Had it been made in 1980s America, Nikhil Nagesh Bhat’s film Kill might belong in that same pantheon as Commando and Rambo II of excess action films. It certainly has the narrative structure and propulsive pace of them, not to mention a degree of corniness and even the occasional one-liner. And yet a lot of it is by design not so bombastic as those -it’s raw and vitriolic in a more interesting way, not to mention a lot more gruesome. In fact, given what I’ve heard of the power of Indian film censorship, it’s astonishing this movie was allowed to be produced and distributed over there given its sheer brutality. The title really is accurate.
And it is very interesting how that violence is used, sometimes exploitatively, sometimes methodically. But either way the movie goes overboard to earn it, while accentuating it through action that is highly sophisticated and a setting that is quite logistically intense.
Lakshya stars as Amrit Rathod, a commando soldier in the Indian army whose girlfriend Tulika (Tanya Maniktala) has been engaged into an arranged marriage by her wealthy father.
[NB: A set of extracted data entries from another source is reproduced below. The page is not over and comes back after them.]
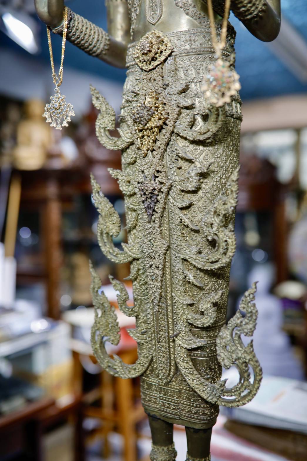ความซับซ้อนของลวดลาย เป็นงานที่มี ลวดลายซ้อนระดับสูง ซึ่งต้องใช้ความประณีตตั้งแต่การสลักหินสบู่ลวดลายรัตนยุคต้นไปจนถึงการซ้อนชั้นลายบนตัวองค์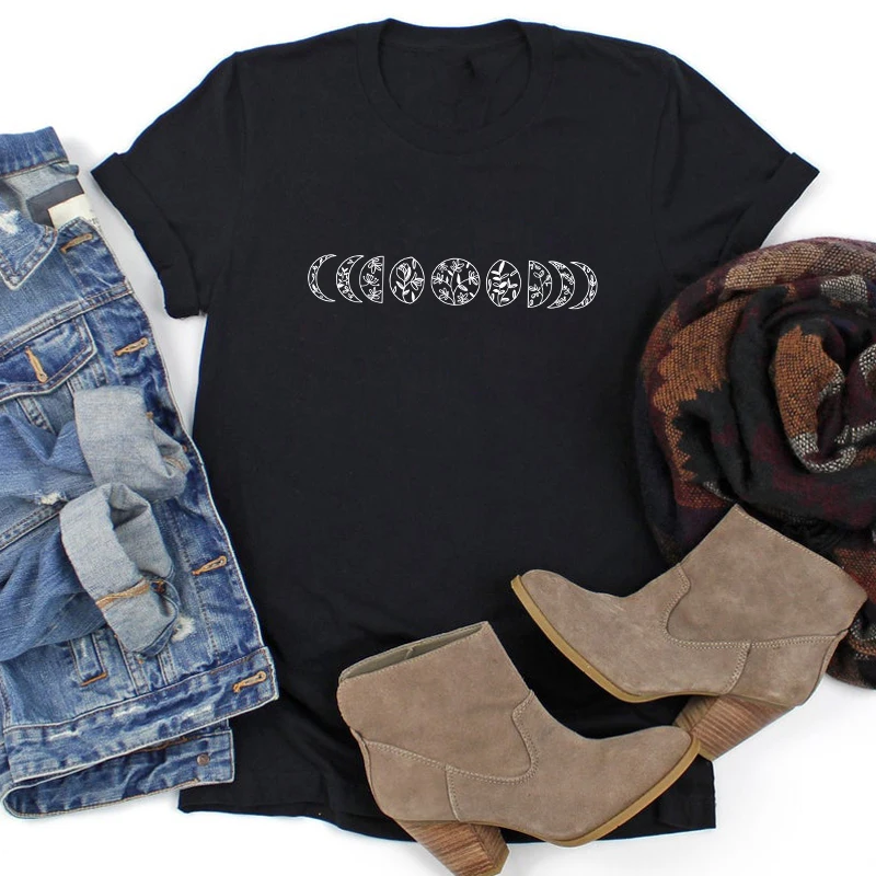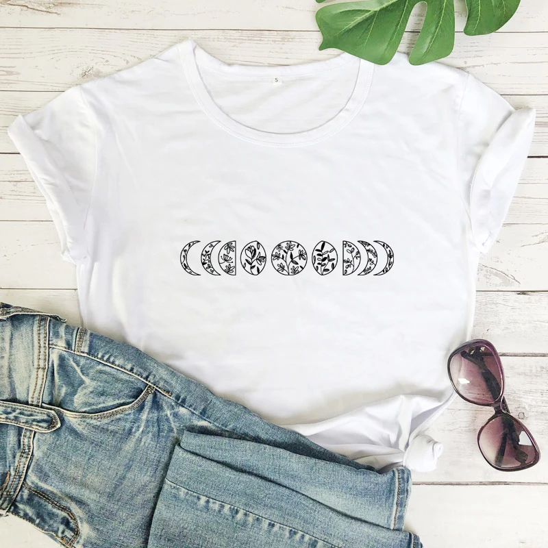 Эстетическое цветочный фазы Луны футболки Для женщин ретро Boho полумесяц Пособия по астрономии футболка просто фазы для привлекательных Графический Футболка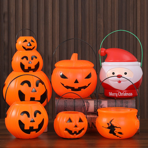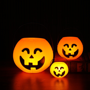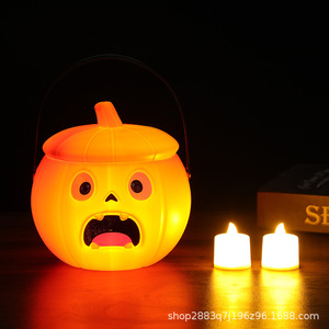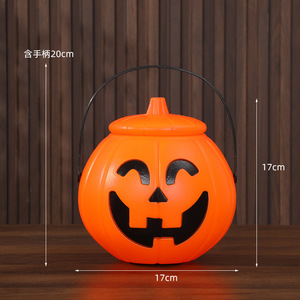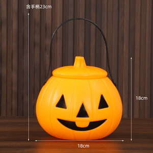 跨境万圣节南瓜灯儿童手提南瓜桶装饰糖果罐发光灯笼道具厂家批发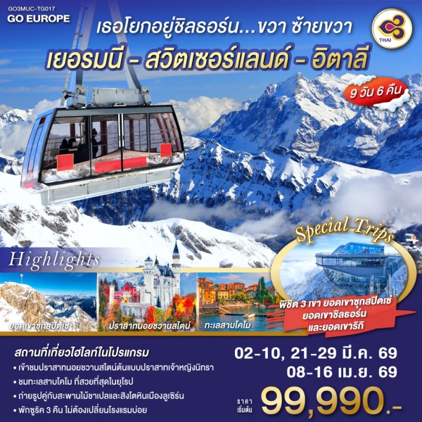 • ยุโรป : สวิส-เยอรมัน-ออสเตรีย-อิตาลี 9วัน 7คืน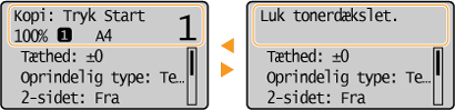 Meddelelser vises øverst på skærmen i situationer som f.eks. når toneren er ved at være opbrugt, eller når et dæksel er åbent. Displayet skifter mellem at vise den normale skærm og meddelelsen.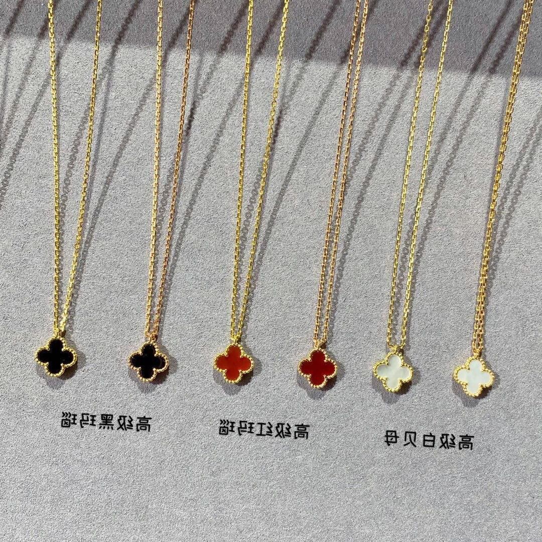 ## 新作!【大人気】ラッキーフラワー 鎖骨ネックレス女性レッドカルセドニー18Kローズゴールドヴァンファミリーミニ四つ葉のクローバーペンダントギフト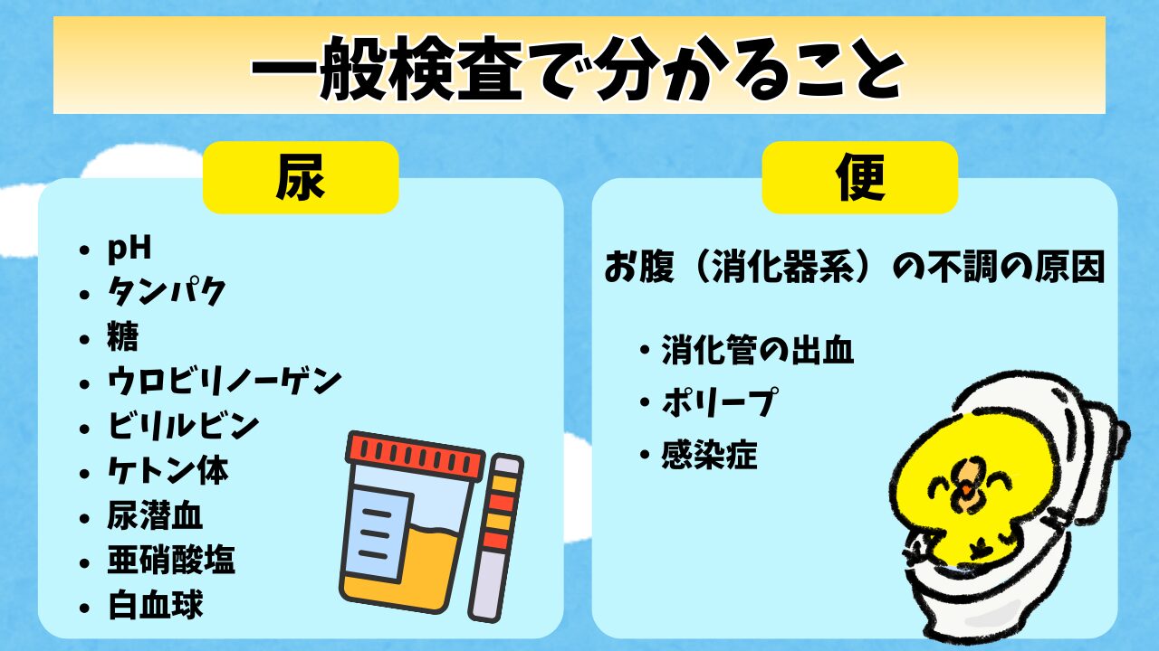 一般検査は、尿や便みたいに「自然に出るもの」を調べる方法になるよ。
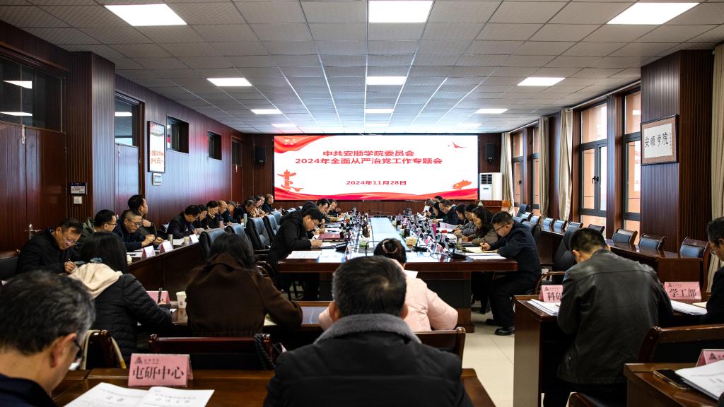 11月28日上午,安顺学院在安道楼第一会议室召开2024年全面从严治党工作专题会。全体校领导及各部门主要负责人、各基层党委书记参加会议。安顺学院党委书记罗荣彬主持并讲话。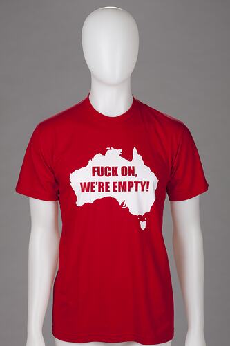 Red t-shirt designed by leakeg, circa 2009. The t-shirt features a white printed map of Australia with the slogan 'Fuck On We're Empty'. This T-shirt is an example of individual designers' and artists' efforts to counteract racism and discrimination in Australian society through the sale of anti-racist memorabilia through an independent website for exhibiting art, design and photography, called Red Bubble.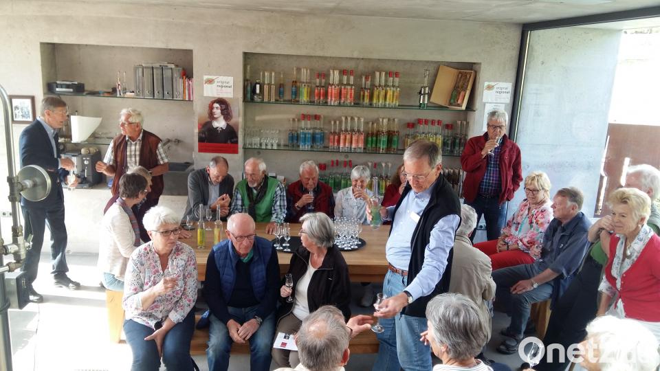 AOVE-Sprecher Bürgermeister Bernhard Lindner und Geschäftsführerin Waltraud Lobenhofer stellten die über 20-jährige Geschichte der AOVE vor. Begeistert war die Gruppe von der Kulturscheune, von den Edelbränden des Hausherrn Günter Preuß und der Begleitung durch die Hoidlbrummer mit Dieter Kohl.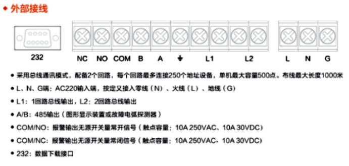 • 接口:1路RS485接口配接消防CRT或故障電弧探測器、1路消防聯(lián)動信號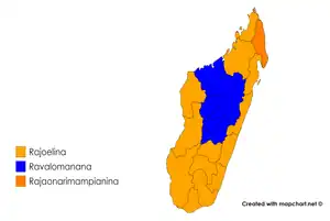 | Andry Rajoelina | Young Malagasies Determined | 1,954,023 | 39.23 | 2,586,938 | 55.66 | |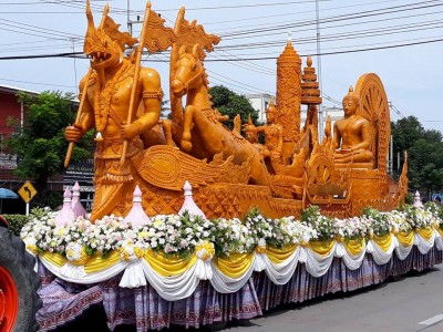วันอาทิตย์ที่ 22 กรกฎาคม 2561 คณะครูและลูกสงวนหญิง ร่วมขบวนแห่เทียนพรรษา จังหวัดสุพรรณบุรี ประจำปี 2561

He proposes to her himself and boards a train to Delhi, also carrying Tulika and her family, where he intends on averting the wedding. But an elaborate armed robbery-turned attempted kidnapping and killing spree breaks out, orchestrated by a powerful gang; and Amrit of course becomes the only man on board who can fend them off, all while endeavouring to protect his beloved.
Trains have become a popular setting for action movies, I suspect due to their relative claustrophobia; from Train to Busan to Bullet Train, it’s making for quite a nifty and versatile little subgenre. So Kill isn't particularly new or distinct from a conceptual level, but what it does bring to the table is compactness. The train that this movie is set on is narrow and uncomfortable -more like an airplane aisle at times, and this makes for a tighter, more complicated space to stage the action in. But the best action movies always use limitations to their advantage, and it's no exception here -Bhat knows how to shoot the space so that the fight scenes remain dynamic and clear -meanwhile the lack of room to move around in makes the confrontations so much more visceral and threatening, especially with so many knives involved. The choreography is exceptional as well, moving in tandem with the camera and space to create some really energized scenes and beats. The actors apparently trained with MMA artists and you can tell in the versatility of their physical performance -particularly Lakshya, Abhishek Chauhan (as Amrit’s best friend and fellow soldier Viresh), and Parth Tiwari (as the brutish, seemingly unstoppable crew muscle Siddhi).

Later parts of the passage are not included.